Configure the system BIOS settings as explained in System BIOS settings and enact the below given settings via the command line as explained in Operating system settings:
Core C states
input-output memory management unit (IOMMU), if needed
System BIOS settings#
For maximum MI250 GPU performance on systems with AMD EPYC™ 7003-series processors (codename “Milan”) and AMI System BIOS, the following configuration of system BIOS settings has been validated. These settings must be used for the qualification process and should be set as default values for the system BIOS. Analogous settings for other non-AMI System BIOS providers could be set similarly.
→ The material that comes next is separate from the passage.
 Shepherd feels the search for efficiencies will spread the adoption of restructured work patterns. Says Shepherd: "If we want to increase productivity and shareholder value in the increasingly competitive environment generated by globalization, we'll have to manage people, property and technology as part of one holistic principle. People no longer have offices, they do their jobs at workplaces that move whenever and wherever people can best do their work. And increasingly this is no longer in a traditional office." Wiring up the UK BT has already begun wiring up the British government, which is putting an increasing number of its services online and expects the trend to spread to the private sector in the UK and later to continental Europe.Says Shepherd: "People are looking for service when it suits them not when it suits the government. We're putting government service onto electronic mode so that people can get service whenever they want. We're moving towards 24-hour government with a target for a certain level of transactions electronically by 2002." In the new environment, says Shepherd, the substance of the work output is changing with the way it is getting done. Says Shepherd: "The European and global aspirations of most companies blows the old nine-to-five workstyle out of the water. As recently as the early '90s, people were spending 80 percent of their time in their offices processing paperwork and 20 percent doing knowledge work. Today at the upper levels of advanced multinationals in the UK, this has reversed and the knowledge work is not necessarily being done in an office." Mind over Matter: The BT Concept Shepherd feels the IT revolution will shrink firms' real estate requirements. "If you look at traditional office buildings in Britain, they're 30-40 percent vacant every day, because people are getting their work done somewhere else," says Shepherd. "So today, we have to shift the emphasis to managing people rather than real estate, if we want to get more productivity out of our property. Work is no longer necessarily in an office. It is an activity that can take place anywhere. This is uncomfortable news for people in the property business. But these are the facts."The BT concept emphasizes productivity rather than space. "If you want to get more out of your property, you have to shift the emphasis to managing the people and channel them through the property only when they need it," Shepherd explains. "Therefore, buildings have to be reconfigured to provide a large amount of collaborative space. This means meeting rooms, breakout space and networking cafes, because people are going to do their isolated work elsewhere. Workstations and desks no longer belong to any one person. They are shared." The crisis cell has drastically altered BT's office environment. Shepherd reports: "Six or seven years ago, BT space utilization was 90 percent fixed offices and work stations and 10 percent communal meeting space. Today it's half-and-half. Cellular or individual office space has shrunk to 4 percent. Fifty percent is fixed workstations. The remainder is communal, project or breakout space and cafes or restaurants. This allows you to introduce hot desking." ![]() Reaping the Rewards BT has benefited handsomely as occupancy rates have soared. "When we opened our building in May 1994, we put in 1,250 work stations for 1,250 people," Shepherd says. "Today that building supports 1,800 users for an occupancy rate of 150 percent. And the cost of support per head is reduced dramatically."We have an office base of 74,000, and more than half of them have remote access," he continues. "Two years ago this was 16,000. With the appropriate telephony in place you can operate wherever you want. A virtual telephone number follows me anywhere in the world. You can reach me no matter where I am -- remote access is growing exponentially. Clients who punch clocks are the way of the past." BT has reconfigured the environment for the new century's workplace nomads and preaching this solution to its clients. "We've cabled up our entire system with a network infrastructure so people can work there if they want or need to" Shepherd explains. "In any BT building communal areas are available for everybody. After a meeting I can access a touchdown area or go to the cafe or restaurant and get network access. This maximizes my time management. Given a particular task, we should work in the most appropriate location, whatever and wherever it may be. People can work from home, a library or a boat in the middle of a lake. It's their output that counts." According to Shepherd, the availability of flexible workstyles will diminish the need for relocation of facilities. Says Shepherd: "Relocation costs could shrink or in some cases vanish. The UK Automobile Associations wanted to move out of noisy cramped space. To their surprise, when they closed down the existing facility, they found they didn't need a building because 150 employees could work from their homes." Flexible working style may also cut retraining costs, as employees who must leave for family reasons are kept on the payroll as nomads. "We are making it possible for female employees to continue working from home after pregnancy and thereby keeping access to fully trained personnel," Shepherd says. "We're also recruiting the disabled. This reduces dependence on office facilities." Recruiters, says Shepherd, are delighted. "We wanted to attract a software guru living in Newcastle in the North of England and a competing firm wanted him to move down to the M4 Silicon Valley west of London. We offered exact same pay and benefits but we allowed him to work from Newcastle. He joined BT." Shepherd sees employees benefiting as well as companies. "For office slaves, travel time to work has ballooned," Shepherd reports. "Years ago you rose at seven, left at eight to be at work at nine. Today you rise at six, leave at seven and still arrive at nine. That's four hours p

For systems with Intel processors, some settings may not apply or be available as listed in the following table.
BIOS Setting Location |
Parameter |
Value |
Comments |
---|---|---|---|
Advanced / PCI Subsystem Settings |
Above 4G Decoding |
Enabled |
GPU Large BAR Support |
Advanced / PCI Subsystem Settings |
SR-IOV Support |
Disabled |
Disable Single Root IO Virtualization |
AMD CBS / CPU Common Options |
Global C-state Control |
Auto |
Global C-States |
AMD CBS / CPU Common Options |
CCD/Core/Thread Enablement |
Accept |
Global C-States |
AMD CBS / CPU Common Options / Performance |
SMT Control |
Disable |
Global C-States |
AMD CBS / DF Common Options / Memory Addressing |
NUMA nodes per socket |
NPS 1,2,4 |
NUMA Nodes (NPS) |
AMD CBS / DF Common Options / Memory Addressing |
Memory interleaving |
Auto |
Numa Nodes (NPS) |
AMD CBS / DF Common Options / Link |
4-link xGMI max speed |
18 Gbps |
Set AMD CPU xGMI speed to highest rate supported |
AMD CBS / NBIO Common Options |
IOMMU |
Disable |
|
AMD CBS / NBIO Common Options |
PCIe Ten Bit Tag Support |
Auto |
|
AMD CBS / NBIO Common Options |
Preferred IO |
Bus |
|
AMD CBS / NBIO Common Options |
Preferred IO Bus |
“Use lspci to find pci device id” |
|
AMD CBS / NBIO Common Options |
Enhanced Preferred IO Mode |
Enable |
|
AMD CBS / NBIO Common Options / SMU Common Options |
Determinism Control |
Manual |
|
AMD CBS / NBIO Common Options / SMU Common Options |
Determinism Slider |
Power |
|
AMD CBS / NBIO Common Options / SMU Common Options |
cTDP Control |
Manual |
Set cTDP to the maximum supported by the installed CPU |
AMD CBS / NBIO Common Options / SMU Common Options |
cTDP |
280 |
|
AMD CBS / NBIO Common Options / SMU Common Options |
Package Power Limit Control |
Manual |
Set Package Power Limit to the maximum supported by the installed CPU |
AMD CBS / NBIO Common Options / SMU Common Options |
Package Power Limit |
280 |
|
AMD CBS / NBIO Common Options / SMU Common Options |
xGMI Link Width Control |
Manual |
Set AMD CPU xGMI width to 16 bits |
AMD CBS / NBIO Common Options / SMU Common Options |
xGMI Force Link Width |
2 |
|
AMD CBS / NBIO Common Options / SMU Common Options |
xGMI Force Link Width Control |
Force |
|
AMD CBS / NBIO Common Options / SMU Common Options |
APBDIS |
1 |
|
AMD CBS / NBIO Common Options / SMU Common Options |
DF C-states |
Enabled |
|
AMD CBS / NBIO Common Options / SMU Common Options |
Fixed SOC P-state |
P0 |
|
AMD CBS / UMC Common Options / DDR4 Common Options |
Enforce POR |
Accept |
|
AMD CBS / UMC Common Options / DDR4 Common Options / Enforce POR |
Overclock |
Enabled |
|
AMD CBS / UMC Common Options / DDR4 Common Options / Enforce POR |
Memory Clock Speed |
1600 MHz |
Set to max Memory Speed, if using 3200 MHz DIMMs |
AMD CBS / UMC Common Options / DDR4 Common Options / DRAM Controller Configuration / DRAM Power Options |
Power Down Enable |
Disabled |
RAM Power Down |
AMD CBS / Security |
TSME |
Disabled |
Memory Encryption |
NBIO link clock frequency#
The NBIOs (4x per AMD EPYC™ processor) are the serializers/deserializers (also known as “SerDes”) that convert and prepare the I/O signals for the processor’s 128 external I/O interface lanes (32 per NBIO).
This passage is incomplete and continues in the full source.